A favourite accusation among politicians is the one about being too “party political.” Voters, they say, are sick of the “negative campaigning” of the other party. What the voter wants is a constructive, cross-party assessment of the problems facing society, they say. But they are wrong, or lying. As this advert shows.
It is, in case you care, part of Carly Fiorina’s campaign for the Californian Republican party senate nomination. She won, obviously. And why? Because she called her opponent a demon sheep, and then dressed someone up as a demon sheep to illustrate exactly what she meant by demon sheep.

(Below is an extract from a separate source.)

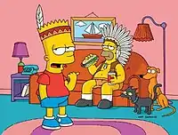 Marge subsequently establishes a peer group based on Native American life, called the "Pre-Teen Braves" — composed of Bart, Ralph Wiggum, Nelson Muntz, and Database, with herself as tribe leader after Homer fails in his leadership skills. Later, when Marge takes the boys on a nature walk, they meet a Mohican man who shows them a field that is in need of cleaning up. The Pre-Teen Braves agree to the job, but discover that it has already been cleaned by another peer group, the "Cavalry Kids" — led by Milhouse's father, Kirk Van Houten, composed of Milhouse, Martin Prince, Jimbo Jones, and a nerd named Cosine. The two groups try to outdo each other in doing good; for example, when the Cavalry Kids bulldoze the house of the homeless from the Pre-Teen Braves and post a pre-fabricated in place, the Pre-Teen Braves retaliate by setting it on fire with arrows. When the Cavalry Kids sell candy in the hope of becoming batboys at a Springfield Isotopes game, the Pre-Teen Braves try to thwart them by lacing their candy with laxatives. Unfortunately for them, the senior citizens, in need of relief from constipation, buy the Cavalry Kids a win.

This kind of thing just doesn’t happen in Germany, or in fact Europe. Here is a typical European party political broadcast. If you get through it without stabbing yourself in the eye you win a coconut.
Why is positive campaigning like pressing your brain through a sieve? Because it can never, by its very DNA, be honest. In the US, negative campaigning never gets the same stigmatization. It is a country where negative advertizing – “drink Coke, because Pepsi is piss” – is embraced as expressing the soul of competition. What is the collective American psychosis that explains this? I daren’t speculate, but I reckon it has something to do with the existence of the A-Team.
The point is, we the people like to see a dirty fight. It was with a sense of lost opportunity that Britons realized that the “Step Outside Posh Boy” ad campaign – in which Gordon Brown challenged David Cameron to a physical fight – was just an April Fool invented by the Guardian. Like a floozy in an old Western, it would have made the British people feel so special to see Gordon and David just have it out. And you can’t help feeling that Brown would have won.
Why do you think election campaign TV debates have been so enthusiastically imported in Britain and Germany? Because it makes democracy what it really should have been all along – an episode of Blind Date.
Thanks to Amok Mama for that last joke.